Stored dataset items:
---*---
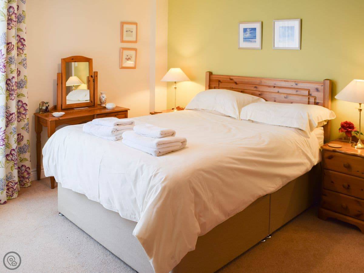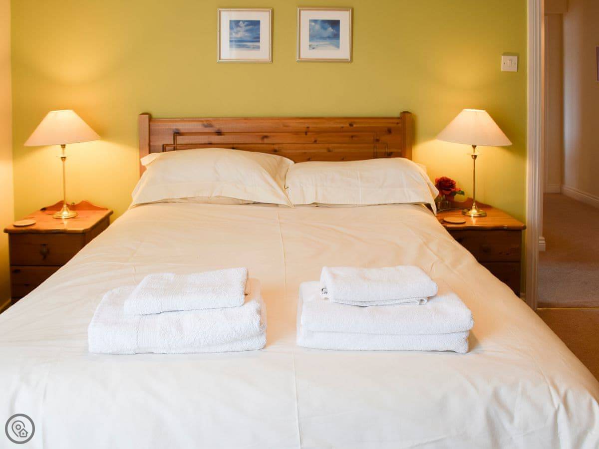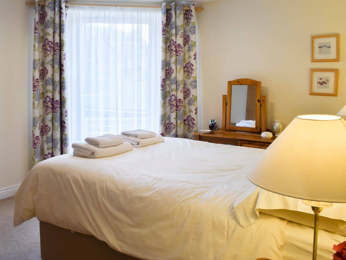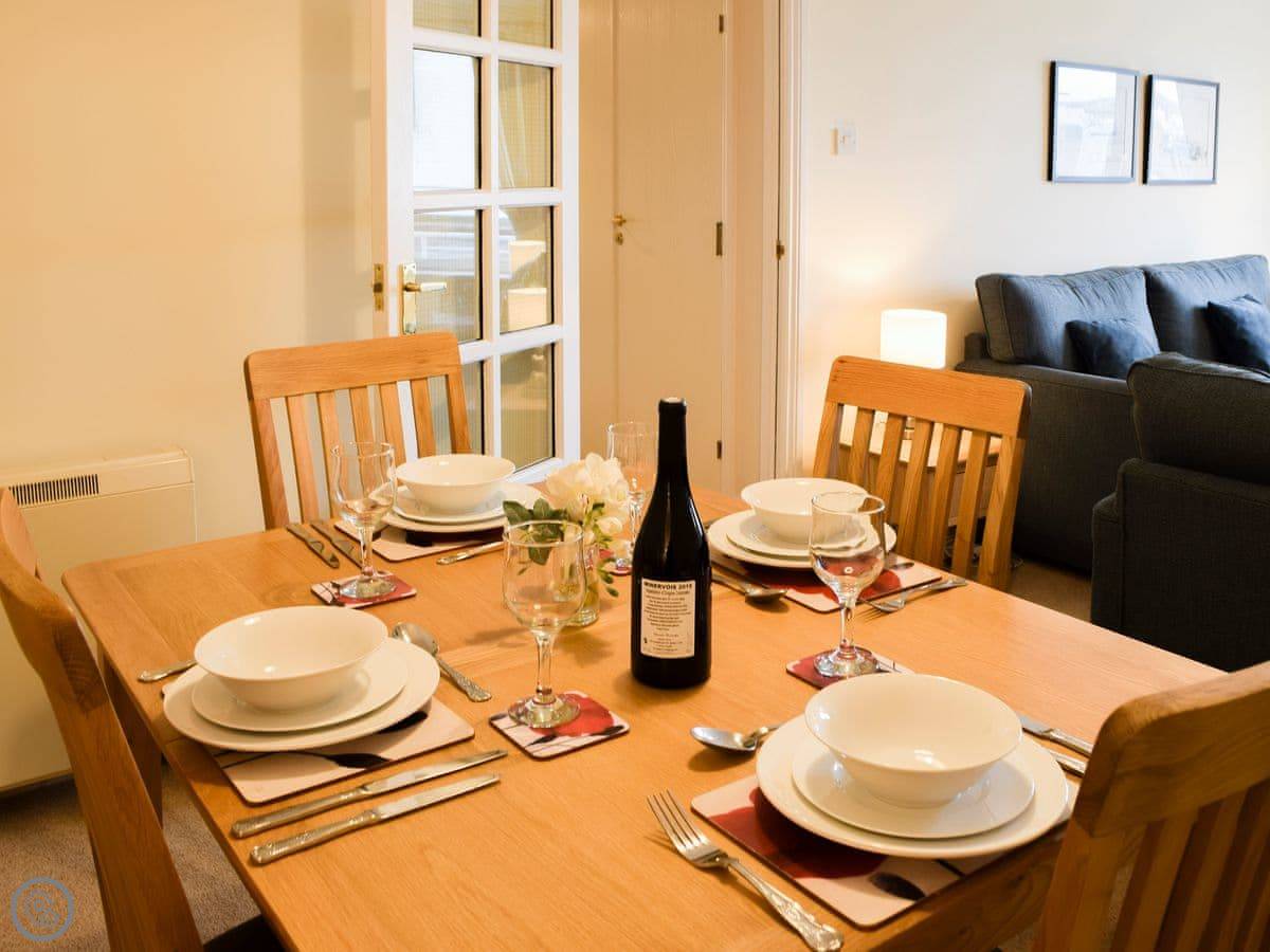 A beautifully decorated airy apartment, it’s the ideal size for a couple or small family wishing to enjoy a coastal town centre break and is made cosy by convenient electric heating. It has a spacious living/dining room, enjoying a view over the town up to Pulpit Hill and a modern well-equipped kitchen with breakfast bar. There are two spacious bedrooms with lovely comfy beds, a double room and a twin room. Both are served by a newly installed shower room with walk-in shower.
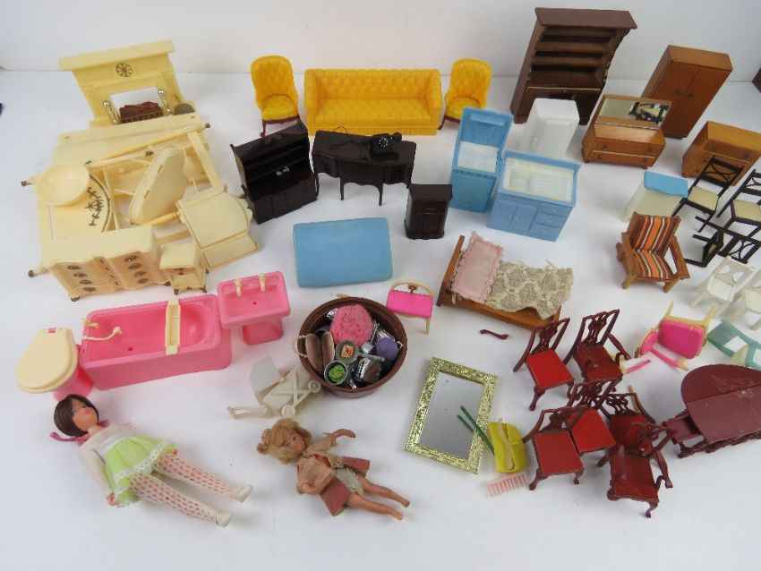 A quantity of vintage mid century wooden and other dolls house furniture including Dol-Toi items. Includes vintage jointed doll, other doll and baby in pram.
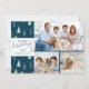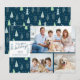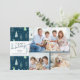 FELICES FIESTAS Tarjeta de vacaciones con 3 fotos con guión de árboles verdes azules. Envía saludos de FELICES FIESTAS con esta tarjeta de vacaciones de 3 fotos que presenta un patrón de árboles de Navidad dibujados a mano modernos y árboles del bosque invernal en azul y verde y tipografía de escritura caligráfica moderna. ASISTENCIA: Contacta al diseñador ANTES DE REALIZAR EL PEDIDO a través de Zazzle Chat o makeitaboutyoustore@gmail.com si deseas que se modifique este diseño, en otro producto o deseas artículos coordinados.
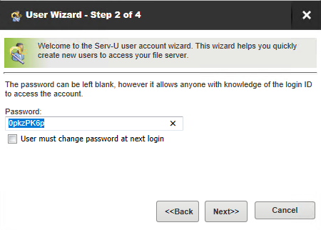 You can also specify a name and email address for the user account. The email address is used by Serv-U to send email notifications and recovered passwords to the user account.
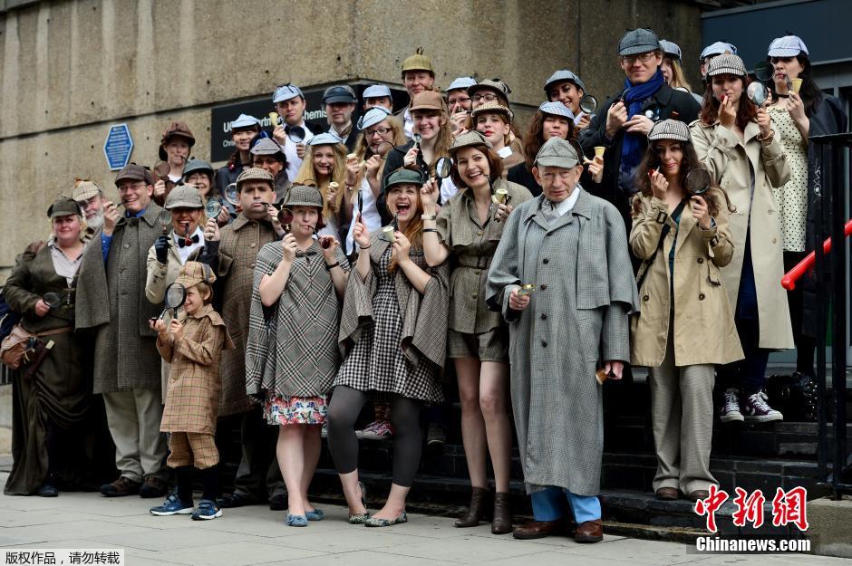 当地时间2014年7月19日,英国伦敦,民众头戴猎鹿帽、身着斗篷、手持烟斗和放大镜,装扮成小说中的虚构人物福尔摩斯,试图创造最多人假扮福尔摩斯集会的吉尼斯纪录。这一活动是由MX出版社为筹款出版一本图书而组织的,该书讲述一家内罗毕孤儿院的故事。书籍出版销售后的全部收入将投入到推广这家孤儿院在肯尼亚孤儿的教育和领养方面的伟大事业中去。
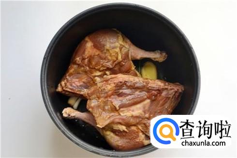 电饭锅或者电饭煲刷洗干净,把葱姜蒜八角放进去,然后把鸭腿放进去,最后倒一些白糖、食盐、生抽和料酒,按下蒸煮健就不用管了。
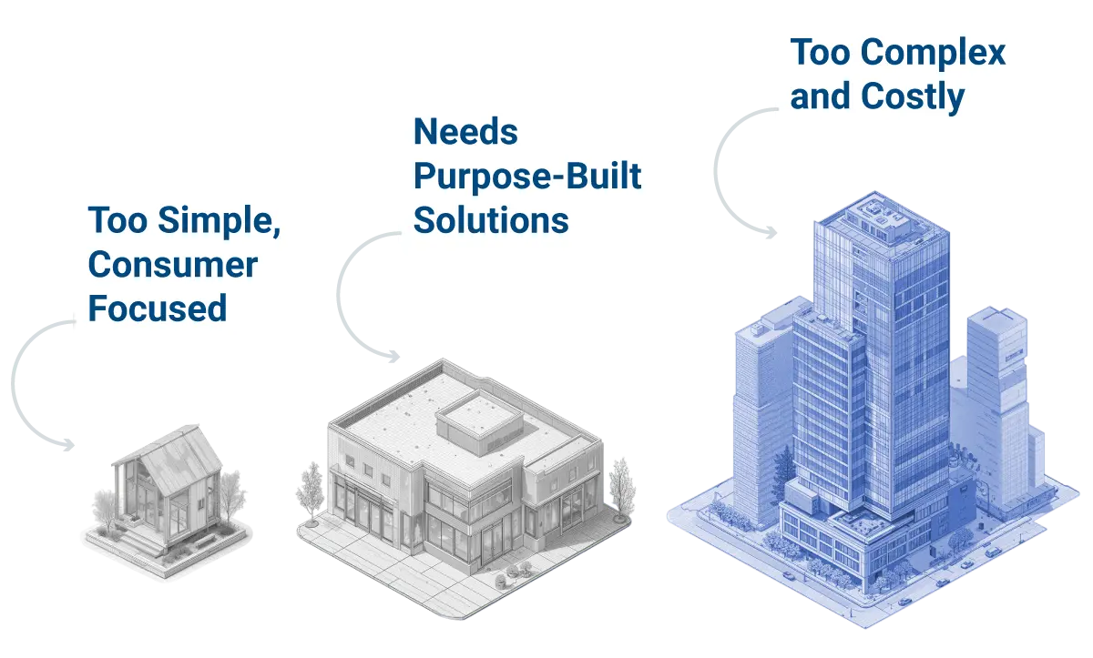 There are more than 5.5 million light commercial buildings under 50,000 square feet in the United States, yet more than 86 percent still lack any form of advanced automation or monitoring. As discussed in our earlier blog, “Thermostats Don’t Scale Up,” these buildings have been left behind because the solutions available to them have never truly fit their needs. The reasons are structural, economic, and operational. They reveal why traditional building automation systems (BAS) were never designed for this segment.
---*---
### Aim of the exercise
Print the records verbatim, without pictures.

### Exercise answer
 A beautifully decorated airy apartment, it’s the ideal size for a couple or small family wishing to enjoy a coastal town centre break and is made cosy by convenient electric heating. It has a spacious living/dining room, enjoying a view over the town up to Pulpit Hill and a modern well-equipped kitchen with breakfast bar. There are two spacious bedrooms with lovely comfy beds, a double room and a twin room. Both are served by a newly installed shower room with walk-in shower.
 A quantity of vintage mid century wooden and other dolls house furniture including Dol-Toi items. Includes vintage jointed doll, other doll and baby in pram.
 FELICES FIESTAS Tarjeta de vacaciones con 3 fotos con guión de árboles verdes azules. Envía saludos de FELICES FIESTAS con esta tarjeta de vacaciones de 3 fotos que presenta un patrón de árboles de Navidad dibujados a mano modernos y árboles del bosque invernal en azul y verde y tipografía de escritura caligráfica moderna. ASISTENCIA: Contacta al diseñador ANTES DE REALIZAR EL PEDIDO a través de Zazzle Chat o makeitaboutyoustore@gmail.com si deseas que se modifique este diseño, en otro producto o deseas artículos coordinados.
 You can also specify a name and email address for the user account. The email address is used by Serv-U to send email notifications and recovered passwords to the user account.
 当地时间2014年7月19日,英国伦敦,民众头戴猎鹿帽、身着斗篷、手持烟斗和放大镜,装扮成小说中的虚构人物福尔摩斯,试图创造最多人假扮福尔摩斯集会的吉尼斯纪录。这一活动是由MX出版社为筹款出版一本图书而组织的,该书讲述一家内罗毕孤儿院的故事。书籍出版销售后的全部收入将投入到推广这家孤儿院在肯尼亚孤儿的教育和领养方面的伟大事业中去。
 电饭锅或者电饭煲刷洗干净,把葱姜蒜八角放进去,然后把鸭腿放进去,最后倒一些白糖、食盐、生抽和料酒,按下蒸煮健就不用管了。
 There are more than 5.5 million light commercial buildings under 50,000 square feet in the United States, yet more than 86 percent still lack any form of advanced automation or monitoring. As discussed in our earlier blog, “Thermostats Don’t Scale Up,” these buildings have been left behind because the solutions available to them have never truly fit their needs. The reasons are structural, economic, and operational. They reveal why traditional building automation systems (BAS) were never designed for this segment.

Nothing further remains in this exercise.